Entries taken from a collection:
────
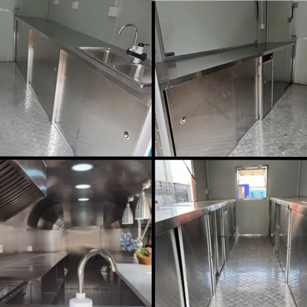 AXEL KIT, STAINLESS STEEL KITCHEN, ANTI-FATIGUE MATS, VENDING WINDOW, CEILING FINISHES WITH COLOR OPTIONS: BLACK, WHITE, GRAY, PVC FLOOR, ONE (1) PAINTED STEEL SECURITY DOOR.
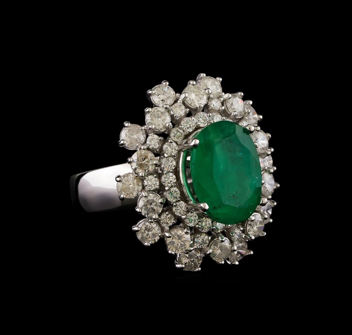 One electronically tested 14KT white gold ladies combination cast & assembled emerald and diamond ring with a flat shank with a bright polish finish. Identified with markings of "14K". Condition is new. Containing: One prong set oval modified brilliant cut natural emerald, measuring 12.50 x 9.17 x 5.96mm, approximate weight of 3.81ct., clarity is heavily included, type III, medium, very slightly grayish, green color, (GIA G 5/3), cut is good. Twenty-One prong set round brilliant cut diamonds, measuring 3.00 - 3.00 x 1.80mm (depth est.) approximate total weight of 21 Stones = 2.08ct. Clarity: SI-2 to I-2. Color: I - J, Cut is Good. Thirty-Two prong set round brilliant cut diamonds, measuring 1.50 - 1.50 x 0.90mm (depth est.) approximate total weight of 32 Stones = 0.39ct. Clarity: SI-1 to I-1. Color: I - J, Cut is Good. Colored gemstones are presumed to have been subjected to commonly used enhancement processes. All diamonds and colored gemstones are graded in the mounting, unless otherwise stated. Total Weight of Colored Stones 3.81ct. Total Weight of Diamonds 2.47ct. Total Weight of Ring 11.50 grams. GGL Appraised at $8,885.00.
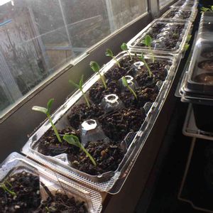 先週、蒔いたキュウリ『一番星』の芽が出てきました☺️
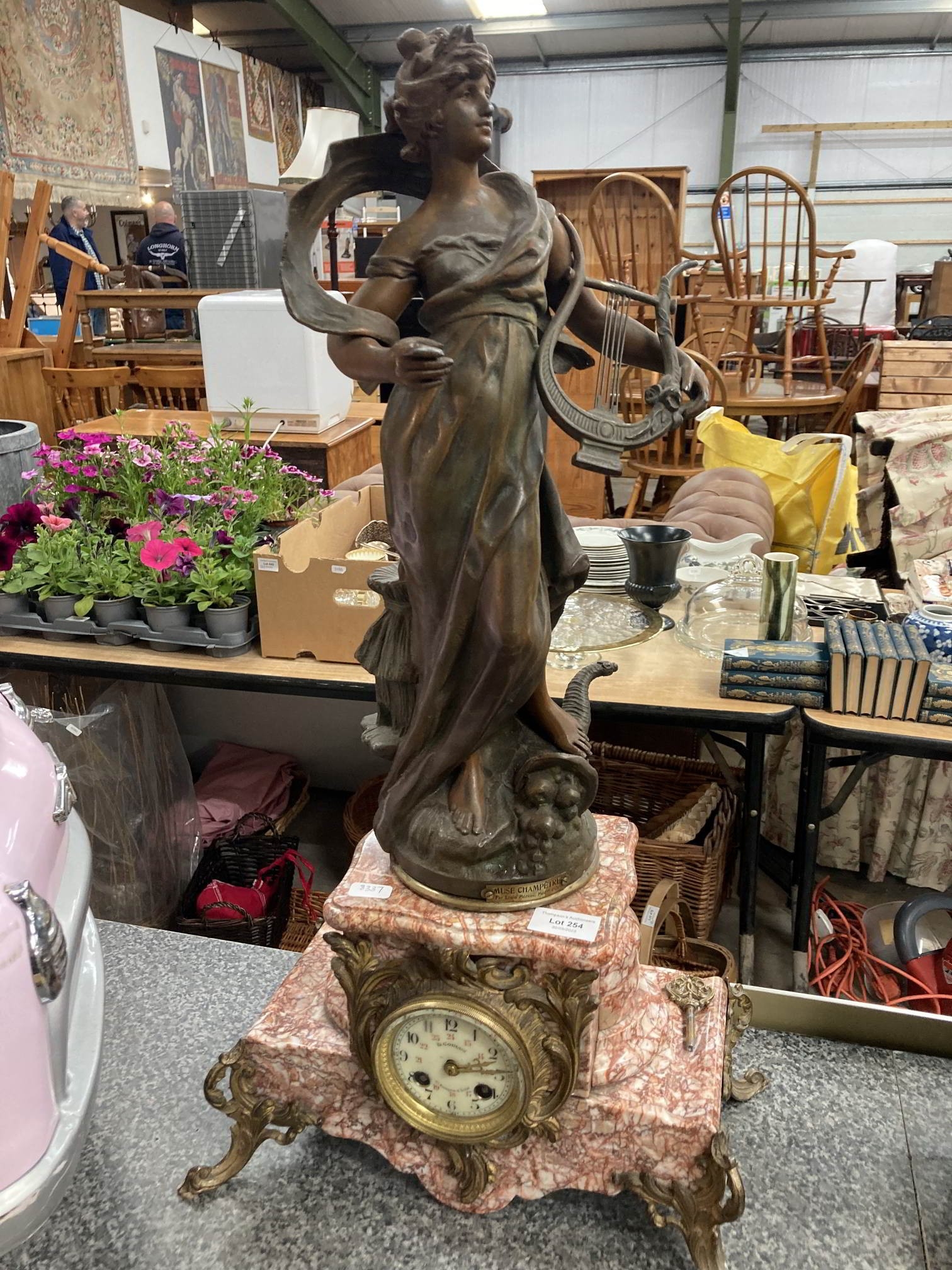 Muse Champetre, Par Louis Moreau. Med d'Or French mantel clock with key and pendulum 70H
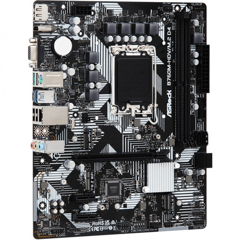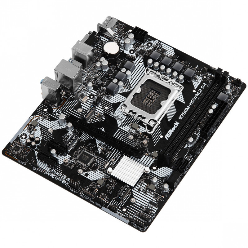 "Asrock B760M-HDV/M.2 D4. Processor manufacturer: Intel, Processor socket: LGA 1700, Compatible processor series: Intel® Core™ i3, Intel® Core™ i5, Intel® Core™ i7, Intel® Core™ i9. Supported memory types: DDR4-SDRAM, Maximum internal memory: 64 GB, Memory slots type: DIMM. Supported storage drive interfaces: M.2, SATA III, RAID levels: 0, 1, 5, 10. Ethernet interface type: Gigabit Ethernet, LAN controller: Realtek RTL8111H. Component for: PC, Motherboard form factor: micro ATX, Motherboard chipset family: Intel"\n"5+1+1 Power Phase Design
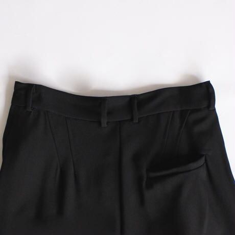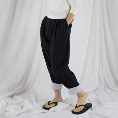 レトロ感ある美しいシルエットのスラックス。色違いの折り返しがアクセントになったデザイン。ウエストにはタックを施し、立体感ぼあるデザインに。インスタイルもキレイに仕上がります。
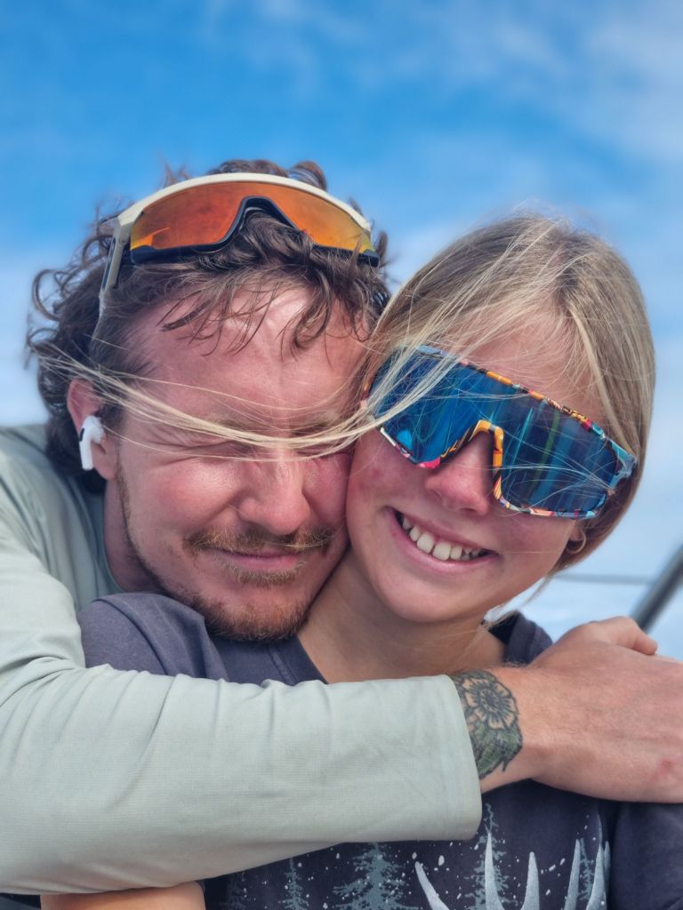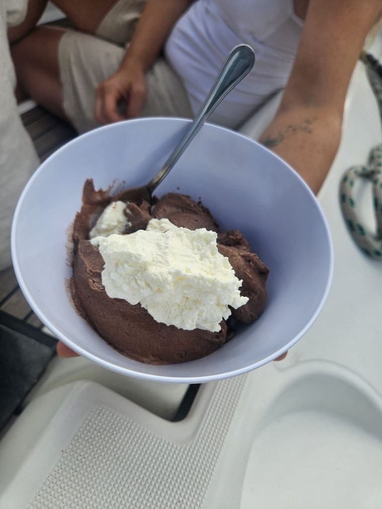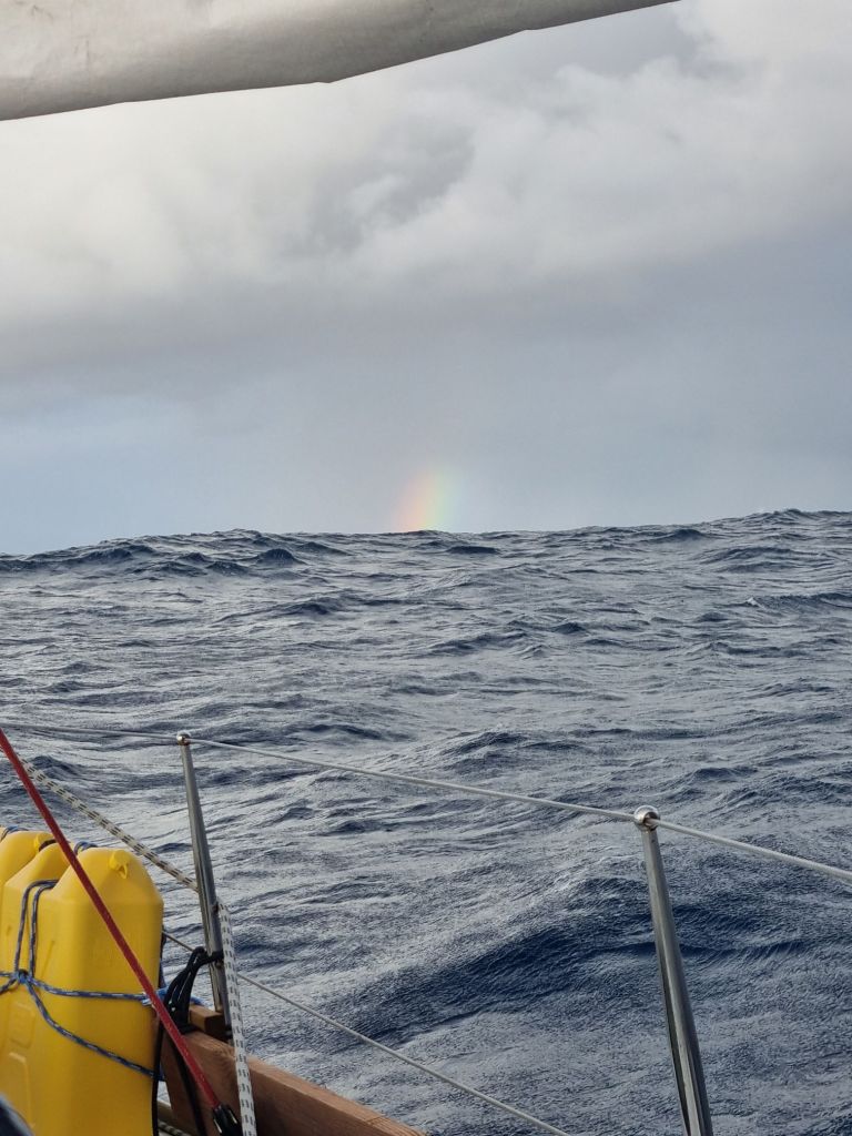 Resterende av nattevaktene forløp seg uten de største squalsa, men noen var det, og når morgenen kom var det meste av salt vasket vekk. Dagen har vært ganske grå med vekslende vindstyrker. Vi gikk er par timer for bb halser for å komme litt sørover igjen, etter å blitt dratt nordover av squalsene. Etter noen timer er vi tilbake på sb halser, med motoren i gang for å toppet litt på batteriene som ikke får for mye lading via sola i dag. Og tilbake på bb halser, får trent litt på jibbing i hvertfall 😅Vi skal også feire 3/4 fest i dag, Alma har blant annet laget sjokolademousse.
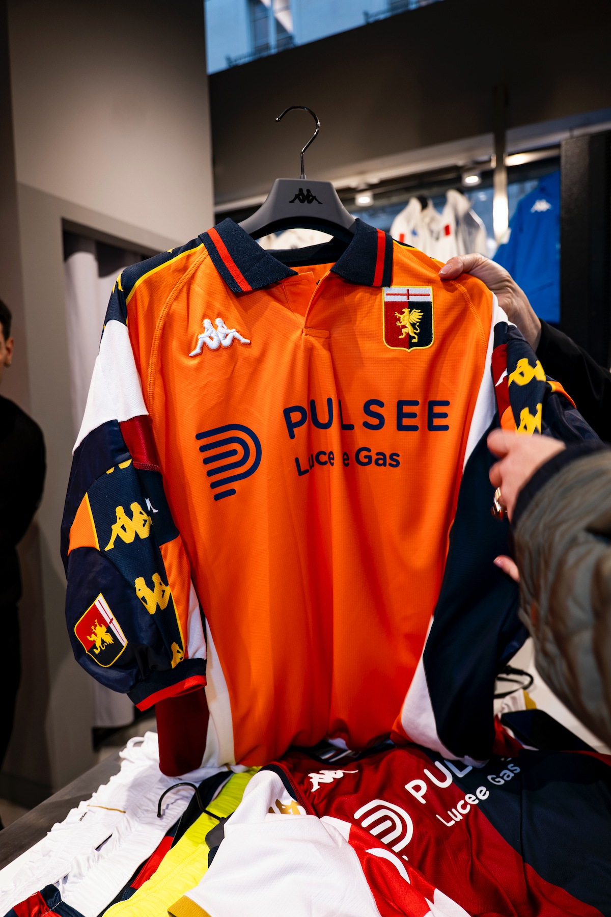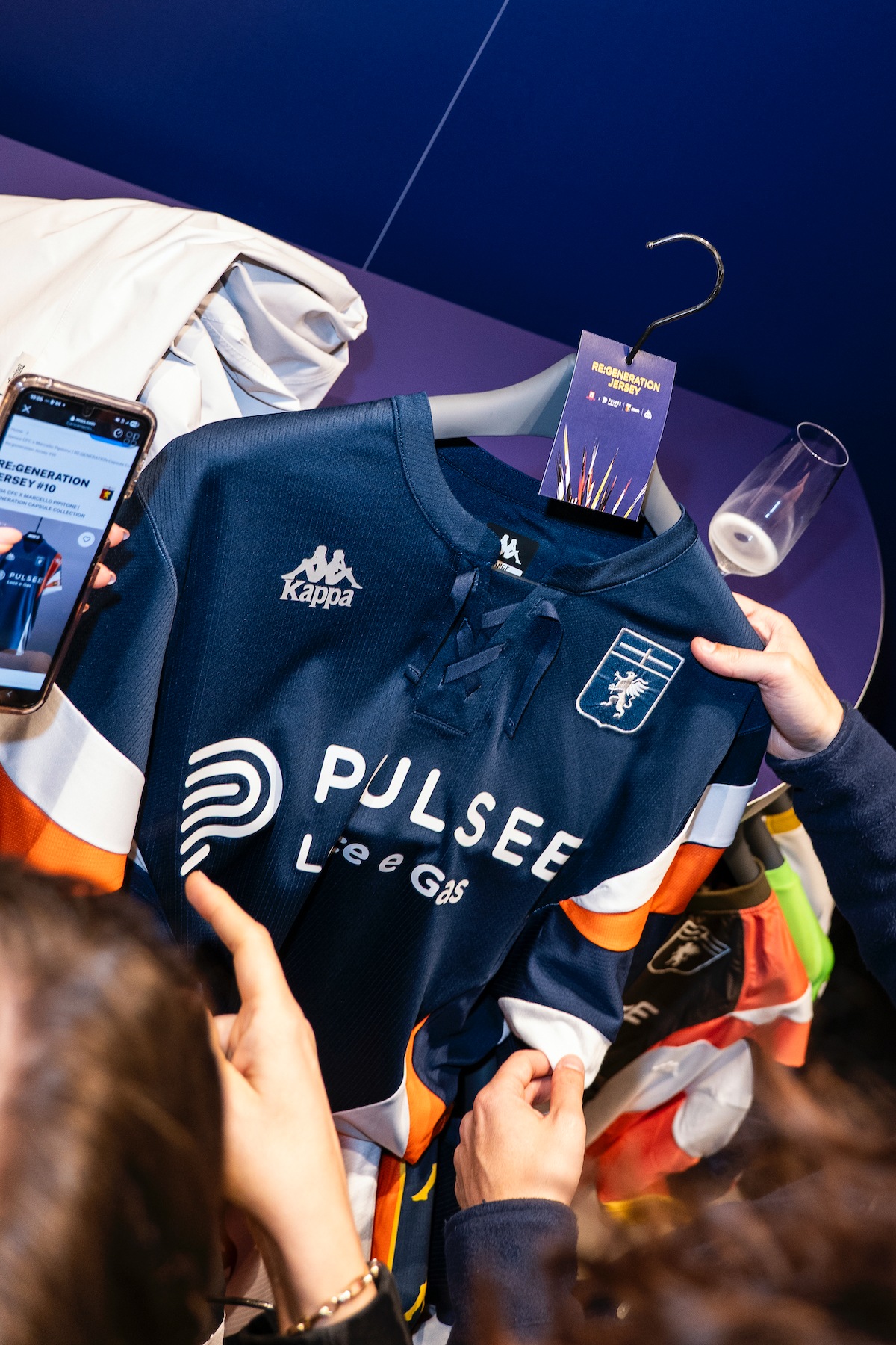 Pulsee Luce e Gas, Genoa CFC e Kappa® hanno presentato con un evento a Milano RE:GENERATION JERSEY, il progetto che trasforma le iconiche maglie da gioco in pezzi di design, grazie alla visione dell’artista Marcello Pipitone. Si parla di t-shirt one-of-a-kind, un’operazione di upcuycling delle maglie ufficiali delle ultime tre stagioni, ovvero quelle firmate che vedono con front jersey sponsor Plusee Luce e Gas e come sponsor tecnico Kappa®. Le foto dell'evento. Foto: Courtesy of Genoa CFC
────
Description of the task
Without the pictures, set down the lines above from the line with "先週、蒔いたキュウリ『一番星』の芽が出てきました☺️" up to and including the line with "レトロ感ある美しいシルエット" exactly as they stand.

Completed exercise
 先週、蒔いたキュウリ『一番星』の芽が出てきました☺️
 Muse Champetre, Par Louis Moreau. Med d'Or French mantel clock with key and pendulum 70H
 "Asrock B760M-HDV/M.2 D4. Processor manufacturer: Intel, Processor socket: LGA 1700, Compatible processor series: Intel® Core™ i3, Intel® Core™ i5, Intel® Core™ i7, Intel® Core™ i9. Supported memory types: DDR4-SDRAM, Maximum internal memory: 64 GB, Memory slots type: DIMM. Supported storage drive interfaces: M.2, SATA III, RAID levels: 0, 1, 5, 10. Ethernet interface type: Gigabit Ethernet, LAN controller: Realtek RTL8111H. Component for: PC, Motherboard form factor: micro ATX, Motherboard chipset family: Intel"\n"5+1+1 Power Phase Design
 レトロ感ある美しいシルエットのスラックス。色違いの折り返しがアクセントになったデザイン。ウエストにはタックを施し、立体感ぼあるデザインに。インスタイルもキレイに仕上がります。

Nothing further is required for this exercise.